Sunday, February 3, 2019

The Diet Equation





Having perhaps added a bit of weight during the recent holidays, we turn our attention to the fundamentals of weight gain, weight loss, and dieting.

To start, if we ignore the burning of our calories by our metabolism, we would have the simple weight-gain (fat-gain) equation

W’ = C’ / (3600 cal/lb)

W’ is the average weight change rate in pounds per day (lb/day).
C’ is the average daily calorie intake rate in calories per day (cal/day).


If we ingested an additional 80 calories per day (an extra slice of bread), we would expect a rate of weight gain (ignoring energy use) of

W’= (80 cal/day) / (3600 cal/lb) = 0.022 lb/day = 0.36 oz/day,

too small to notice. 

A large daily diet of C’=1800 cal/day would produce, without any energy use,

W’ = (1800 cal/day)/(3600 cal/lb) = 0.5 lb/day, 

a half-pound gain per day! That cannot be the total story.

We use calories by our basic metabolism and our activities.

We’ll first look at our basic metabolic rate factor, r, the calorie burn rate (calories per pound per day) while sleeping or if quadriplegic, and include this in our formula:

W’ (lb/day) = [C’ (cal/day) – r (cal/lb-day) W (lb)] / (3600 cal/lb)

Or, without the units displayed, the Diet Equation

W’ = [C’ – r W] / 3600                                                        [1]

W is weight (long-run average weight).

A basic resting metabolic rate factor is r = 10 (cal/lb-day), and we combine it with the rest of Equation [1] to get

W’ = [C’ – 10 W] / 3600

For our example, a person weighing 120 pounds to start and taking in 1800 cal/day, would have (restoring units and using the calories-to-fat conversion factor of 3600 cal/lb)

W’ = [1800 – 10 (120)] / 3600 = 0.17 lb/day,

a slower rate of weight gain.

To get the rate of weight gain to be zero, W’=0, we need

C’ = r W

which occurs when C’ is lowered or when r is raised, producing weight 

W = C’ / r                                                                [2]

in the long run.

We can adjust our long-run average weight by changing C’, the average daily calorie intake, or by raising r, the metabolic rate, by becoming more active.

The additional long-run-average weight due to an average additional 80 calories (a slice of bread extra each day) is the change in C’ / r, or

+80 (cal/day) / 10 (cal/lb-day) = +8 pounds.

This is shocking! We added 8 lb from just an extra slice of bread a day.

How long will it take to reach this level? Even longer than if there were no metabolism going on, which would simply be the number of days to accumulate an extra 8 x 3600 cal:

8 x 3600 cal / 80 cal/day = 360 days,

such a sneaky, slow gain we would not easily notice it.

Including our metabolism, cutting back by a slice of bread a day (80 cal/day) would produce a slow, long-term-average weight loss of 8 pounds, even for this low-metabolism r = 10 case.
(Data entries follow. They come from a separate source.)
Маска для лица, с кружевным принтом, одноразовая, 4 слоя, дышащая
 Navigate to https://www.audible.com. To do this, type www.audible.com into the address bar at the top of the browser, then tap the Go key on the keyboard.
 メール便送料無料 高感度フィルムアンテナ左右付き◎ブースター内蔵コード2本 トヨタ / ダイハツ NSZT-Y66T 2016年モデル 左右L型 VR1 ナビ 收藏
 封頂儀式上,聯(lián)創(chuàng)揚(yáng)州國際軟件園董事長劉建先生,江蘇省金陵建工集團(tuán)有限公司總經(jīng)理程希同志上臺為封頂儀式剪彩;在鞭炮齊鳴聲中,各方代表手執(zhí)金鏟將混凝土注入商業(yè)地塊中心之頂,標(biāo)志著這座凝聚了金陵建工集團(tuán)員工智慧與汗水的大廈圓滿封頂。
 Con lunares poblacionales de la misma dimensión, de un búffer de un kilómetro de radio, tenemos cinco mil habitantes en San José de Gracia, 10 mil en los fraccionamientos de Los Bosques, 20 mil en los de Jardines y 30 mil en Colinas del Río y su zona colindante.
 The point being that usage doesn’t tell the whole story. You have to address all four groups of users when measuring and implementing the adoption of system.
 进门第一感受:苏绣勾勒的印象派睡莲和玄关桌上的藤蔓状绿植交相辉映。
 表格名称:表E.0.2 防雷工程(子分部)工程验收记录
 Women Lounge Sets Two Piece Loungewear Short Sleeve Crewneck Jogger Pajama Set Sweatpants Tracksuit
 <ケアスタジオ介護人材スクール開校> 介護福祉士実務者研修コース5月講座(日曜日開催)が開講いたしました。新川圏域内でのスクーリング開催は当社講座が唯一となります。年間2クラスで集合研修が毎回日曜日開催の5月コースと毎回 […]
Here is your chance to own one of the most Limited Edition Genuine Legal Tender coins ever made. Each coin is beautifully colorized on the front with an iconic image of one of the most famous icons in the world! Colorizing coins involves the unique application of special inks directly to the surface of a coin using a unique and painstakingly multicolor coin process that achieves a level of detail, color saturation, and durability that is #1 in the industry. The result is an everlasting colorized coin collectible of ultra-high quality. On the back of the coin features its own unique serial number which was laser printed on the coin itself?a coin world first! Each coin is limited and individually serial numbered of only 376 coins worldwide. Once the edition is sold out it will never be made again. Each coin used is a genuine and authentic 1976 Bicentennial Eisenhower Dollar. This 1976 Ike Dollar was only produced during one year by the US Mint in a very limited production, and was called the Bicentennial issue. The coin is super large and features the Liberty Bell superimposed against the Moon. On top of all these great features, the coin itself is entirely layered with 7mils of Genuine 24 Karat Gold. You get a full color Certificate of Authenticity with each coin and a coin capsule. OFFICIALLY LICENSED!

Patience pays, people!

P.S.  If you want to get a more exact estimate of your BMR (Basic Metabolic Rate), use the following site, which gives BMR = r W by height, weight, age, and gender: bmi-calculator.net/bmr-calculator/.

Another calculator allows you to include these factors and activity level:

They have a maintenance level r=10 and a moderately active level r=13 among the examples I tried.

If you hope that walking will help, you are right, but it takes walking a mile for a 180-pound person to expend 100 calories (and proportionally more or fewer calories for people of other weights).